2. The industrial process micro-fault detection method based on probability-dependent slow feature analysis according to claim 1, wherein in step S1, the specific expression for normalizing training data X 0 with its mean (X 0) and standard deviation std (X 0) is:
X=(X0-mean(X0))/std(X0) (1)
In the formula, x= [ X 1,X2,...,Xn]T∈Rn×m, n represents the number of samples, and m represents the number of variables.

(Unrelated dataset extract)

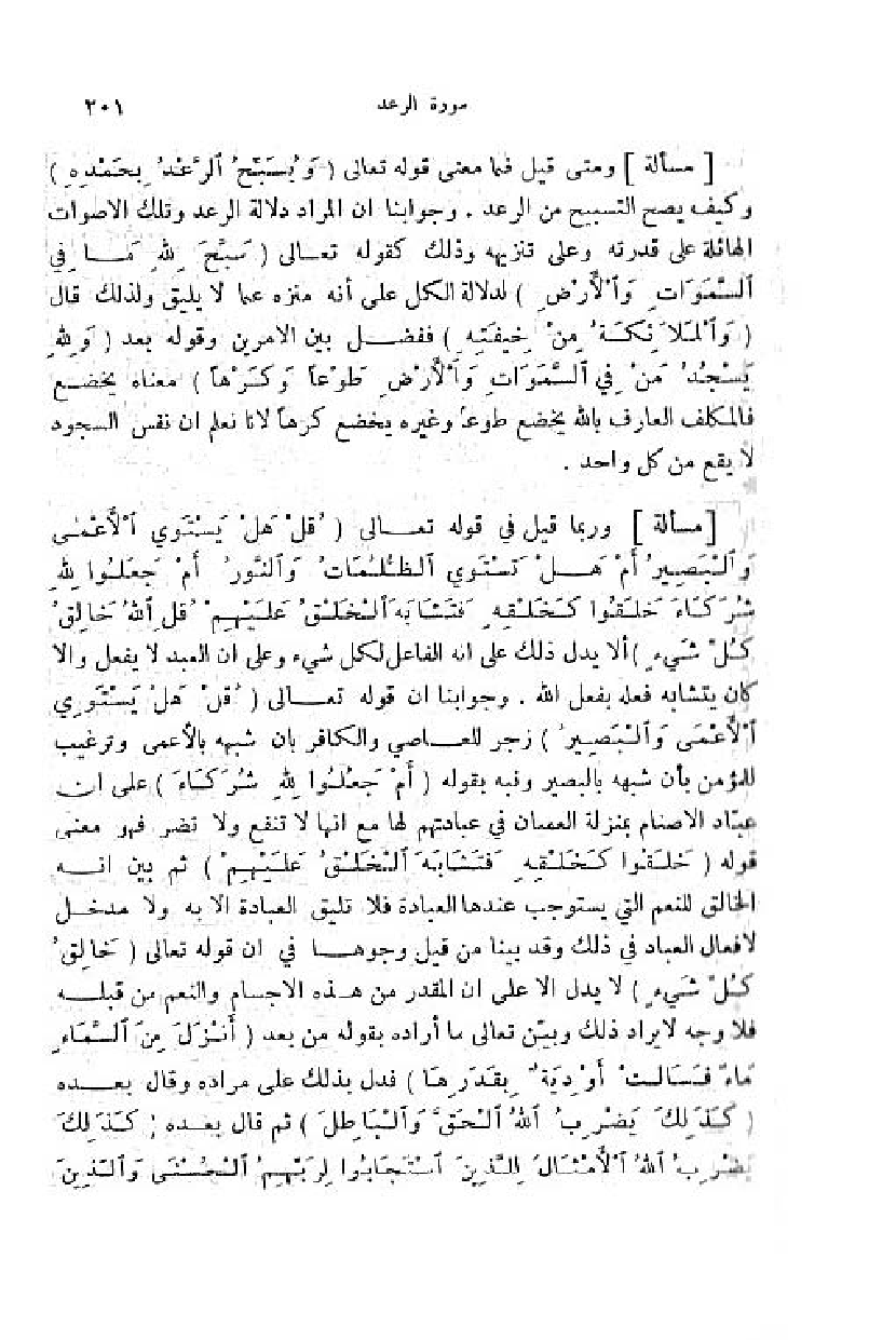 وربما قيل في قوله تعالى (قُلْ هَلْ يَسْتَوِي الْأَعْمى والْبَصِيرُ أَمْ هَلْ تَسْتَوِي الظُّلُماتُ والنُّورُ أَمْ جَعَلُوا لِلَّهِ شُرَكاءَ خَلَقُوا كَخَلْقِهِ فَتَشابَهَ الْخَلْقُ عَلَيْهِمْ قُلِ اللَّهُ خالِقُ كُلِّ شَيْءٍ) أ لا يدل ذلك على انه الفاعل لكل شيء وعلى ان العبد لا يفعل والا كان يتشابه فعله بفعل اللّه. وجوابنا ان قوله تعالى (قُلْ هَلْ يَسْتَوِي الْأَعْمى والْبَصِيرُ) زجر للعاصي والكافر بان شبهه بالأعمى وترغيب للمؤمن بأن شبهه بالبصير ونبه بقوله (أَمْ جَعَلُوا لِلَّهِ شُرَكاءَ) على ان عبّاد الاصنام بمنزلة العميان في عبادتهم لها مع انها لا تنفع ولا تضر فهو معنى قوله (خَلَقُوا كَخَلْقِهِ فَتَشابَهَ الْخَلْقُ عَلَيْهِمْ) ثمّ بين انه الخالق للنعم التي يستوجب عندها العبادة فلا تليق العبادة الا به ولا مدخل لافعال العباد في ذلك وقد بينا من قيل وجوها في ان قوله تعالى (خالِقُ كُلِّ شَيْءٍ) لا يدل الا على ان المقدر من هذه الاجسام والنعم من قبله فلا وجه لا يراد ذلك وبيّن تعالى ما أراده بقوله من بعد (أَنْزَلَ مِنَ السَّماءِ ماءً فَسالَتْ أَوْدِيَةٌ بِقَدَرِها) فدل بذلك على مراده وقال بعده (كَذلِكَ يَضْرِبُ اللَّهُ الْحَقَّ والْباطِلَ) ثمّ قال بعده (كَذلِكَ يَضْرِبُ اللَّهُ الْأَمْثالَ لِلَّذِينَ اسْتَجابُوا لِرَبِّهِمُ الْحُسْنى والَّذِينَ
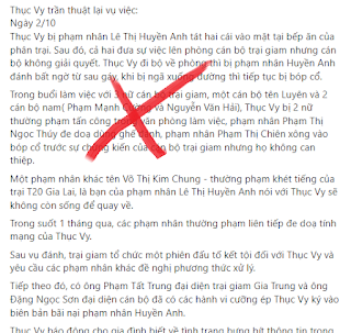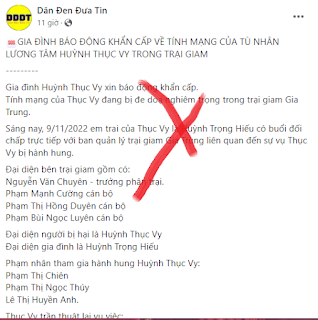 Sáng nay trang phản động có tên “Dân Đen Đưa Tin” loan báo khẩn cấp về “Tính mạng của tù nhân lương tâm Huỳnh Thục Vy trong trại giam”. Theo đó, Huỳnh Thục Vy bị bạn tù đánh và có lần đánh trước mặt cán bộ trại giam.Theo lời kể của Huỳnh Thục Vy thì cô ta bị 2 nữ phạm nhân khác đánh, và bị các phạm nhân khác đe dọa tính mạng. Ngoài ra, Vy thường xuyên bị các phạm nhân khác đấu tố, cô lập.

3. The method for detecting industrial process micro-faults based on probability-dependent slow feature analysis of claim 2 in which in step S2 the specific step of calculating the JS divergence component X JS of the training data X using a sliding window is;
The sliding window algorithm is: the window width W is set to be H, the step length is set to be 1, each sampling time is moved backwards once, the number of data samples is N, and the total number of the data samples is N=n-H+1 sampling times;
Introducing another group of normal working condition data which is different from the training data into the historical database as reference data;
calculating the mean and variance of the normalized reference data X B as a reference mean μ B and a reference variance λ B;
calculating a mean mu X (k) and a variance lambda X (k) of the training data X (k) at a kth sampling time;
The JS divergence component at the kth sampling timing of the training data X is calculated from the formula (2), and the expression of the formula (2) is as follows:
4. The method for detecting industrial process micro-faults based on probability-related slow feature analysis of claim 3 in which in the step S3, the specific step of calculating the evaluation index of all variables under normal working conditions from JS divergence component X JS of the training data is as follows:
Step S2 is performed on the reference data X B, and the JS divergence component X JSB of the reference data is calculated according to the formula X JSB(k)=JS(λBBB(k),μB (k));
For JS divergence component X JS∈RN×m of training data, N is the sampling number, m represents the total number of variables, and the mean (X JS,j) and standard deviation std (X JS,j) of the jth variable are calculated;
For JS divergence component X JSB∈RN×m of reference data, N is the sampling number, m represents the total number of variables, and the reference Mean (X JSB,j) and the reference standard deviation Std (X JSB,j) of the jth variable are calculated;
calculating an evaluation index of the j-th variable of the training data X from the formula (3), the expression of the formula (3) being as follows:
Given confidence level The control limit Dev lim is determined according to the kernel density estimation method.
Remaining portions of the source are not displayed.